Sekundärfluoreszenz bei Grünalgen - Mikroskopie

Mein Artikel, veröffentlich in Mikrokosmos 1976

Die Sekundärfluoreszenz an Algen wird nur selten als Untersuchungsverfahren verwendet. Um für dieses Gebiet eine Lanze zu brechen, möchte ich die Technik kurz skizzieren.

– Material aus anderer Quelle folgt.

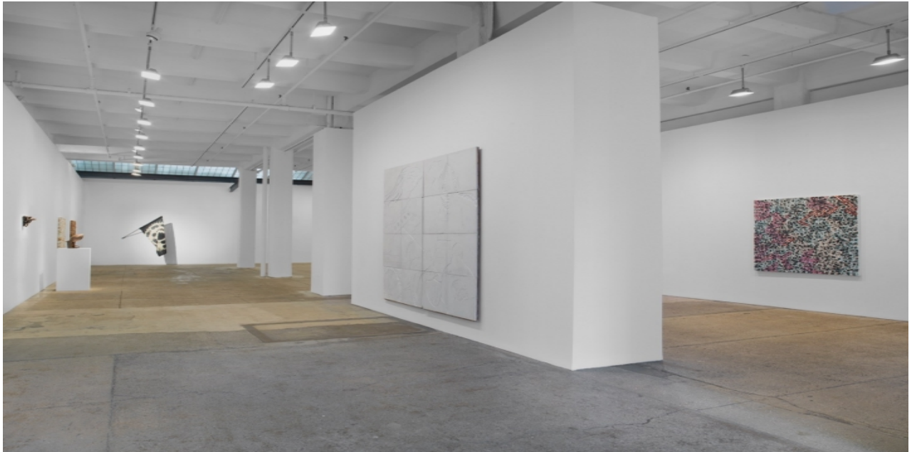
Installation view of Sidelined at Galerie Lelong

how much they are paid — typically by a class of men and women who wear suits.
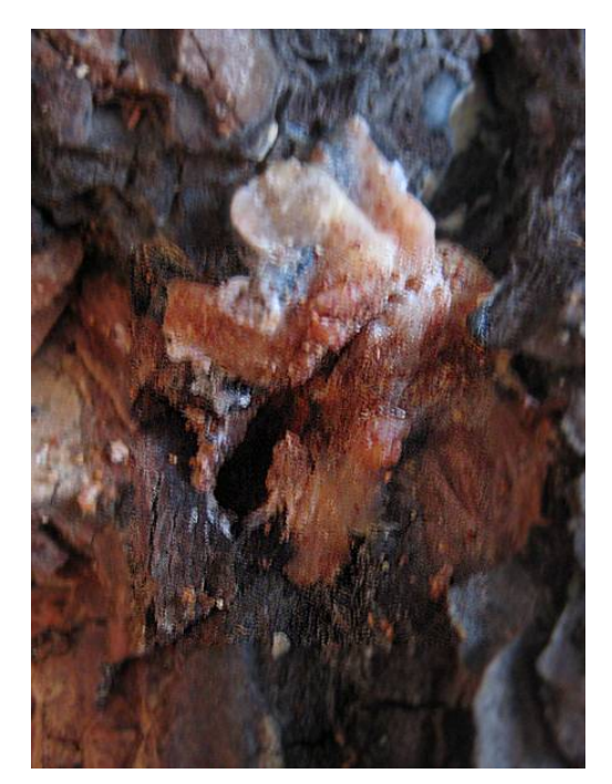
Figure 6 . Dendroctonus valens entrance hole on bark and developing pitch tube (Photograph J. King, Queensland Primary Industries and Fisheries, Department of Employment, Economic Development and Innovation, QPIF DEEDI).
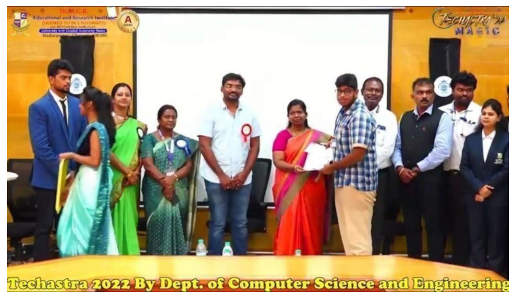
Fig.3 Techastra 22 Valedictory
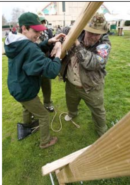
Left: "Pine-car racers speed across the finish line during the Scout-O-Rama Saturday at the Grape Festival grounds. The annual event brings cub scouts, boy scouts, sea scouts, and more together to take part in events including demonstrations by the sheriff department, leather working, pine-car racing, crossing rope bridges, and firing trebuchets."
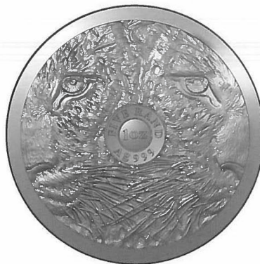
Reverse: R5 (1oz, Ag 999)
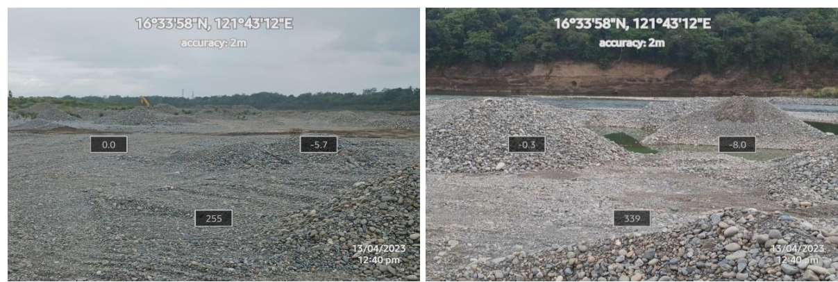
Disimpit, Jones, Isabela

Some of the photos daily submitted by ISEP-TF Operative Members assigned at the different quarry areas in the Province for the month of April, 2023.
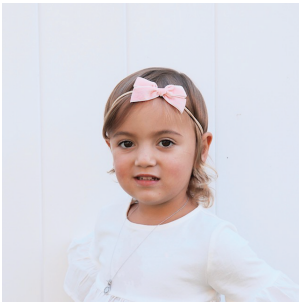
Teeny Vintage Velvet on Nylon Headband Approx. 2 inches wide
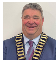
Mayor Kerry Vincent

Contact details for our Councillors can be found on our website at www.sorell.tas.gov.au/contact-us
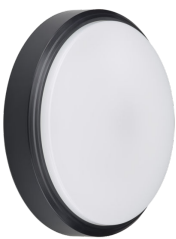
CoreLine Wall-mounted WL140V Wall-mounted Black
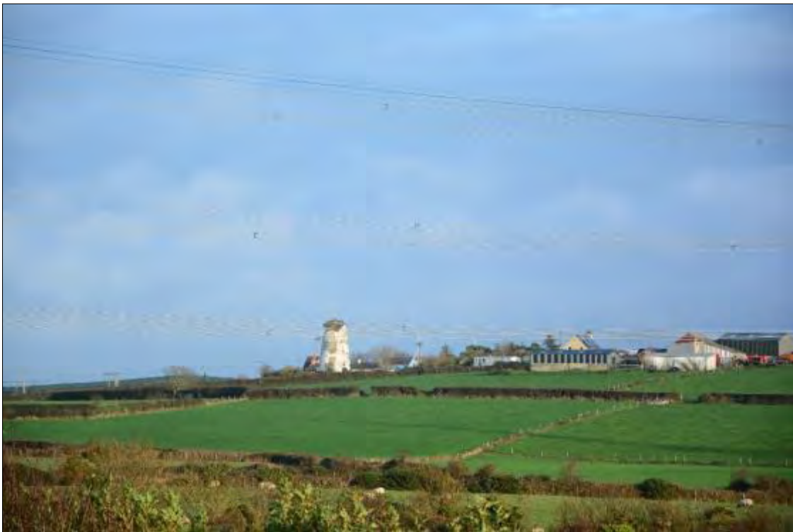
Plate 1b, Cemaes Mill, looking east from a distance of 850m
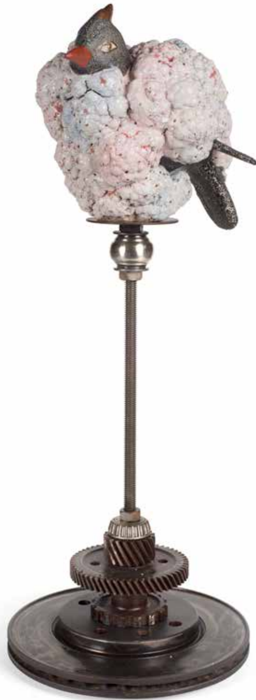
The Surrogate 63 x 25 x 25 cm Ceramic & steel 2016
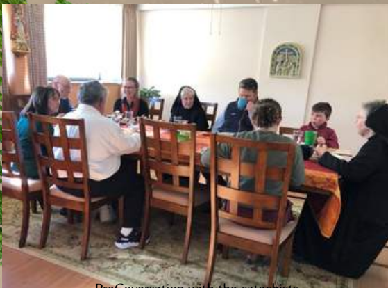
PreConversation with the catechists
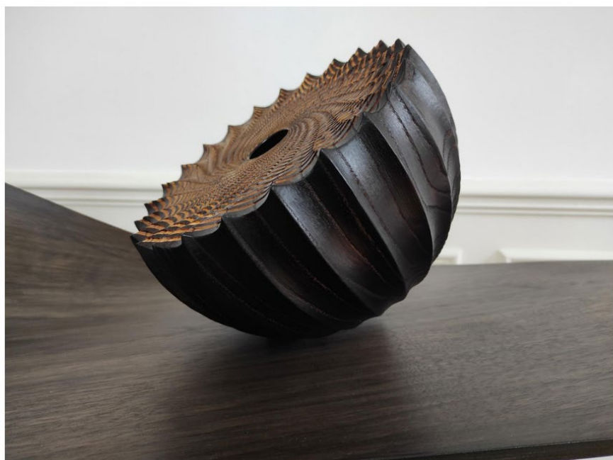
Jérôme Blanc, wood sculpture Arantèle 2020 - ash, D 30 cm, 2020.
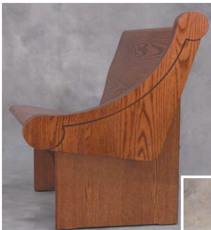
End 181, Body 65 SSC End 181 with optional two tone finish
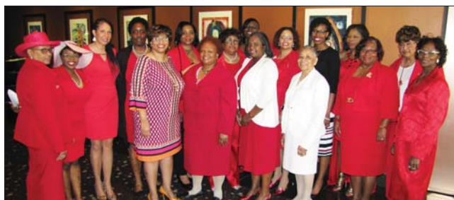
Delta officers and committee chairmen
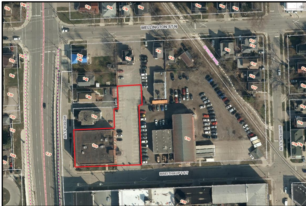
Figure 1: Location Map - 130 Weber St W

City staff conducted a site visit of the property on October 28 th , 2022.
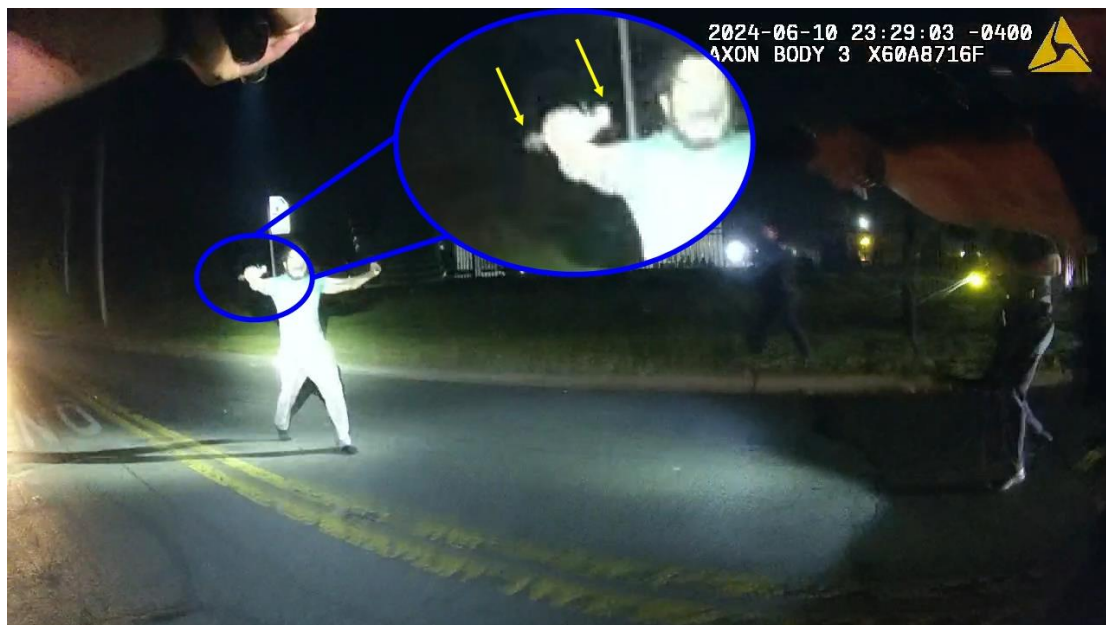
Figure 3 [REDACTED] BWC): F9995_Cortaza continuing into direction of officers with something sticking out of both side of his right hand

This document is the property of the Ohio Bureau of Criminal Investigation and is confidential in nature. Neither the document nor its contents are to be disseminated outside your agency except as provided by law - a statute, an administrative rule, or any rule of procedure.

Abb.1: Grünalge Pediastrum, das Zackenrädchen

Es gibt in der Natur Stoffe, die, angeregt durch kurzwelliges Licht, langwelliges abgeben. Diese Erscheinung nennt man Fluoreszenz. Für die Praxis des Amateurs eignet sich besonders gut die Blaulichtfluoreszenz, da man als Lichtquelle eine Niedervoltlampe verwenden kann. Normale Mikroskopierlampen 6 A/5 V erweisen sich nur für die Histologie als brauchbar, für algologische Untersuchungen benötigt man stärkere Lichtquellen. Dazu fand ich eine kleine er Mikro-Halogenlampe 24 V/10 A als besonders geeignet; natürlich muss man die Lampe mit einem Gebläse kühlen. Selbstverständlich bietet uns der Handel fertige Einrichtungen für alle Gebiete der Fluoreszenzmikroskopie. Als Erregerfilter dient ein BG 12/6 mm (Schott), als Sperrfilter GG 9/1 mm +1/1,5 mm (Schott). In den Filterhalter legt man das BG 12. Nun wird das Präparat mit Blaulicht zur Fluoreszenz angeregt. Am Okular wird der Sperrfilter aufgesetzt, dieser sperrt das Blaulicht; sichtbar bleibt die Fluoreszenz des Präparates.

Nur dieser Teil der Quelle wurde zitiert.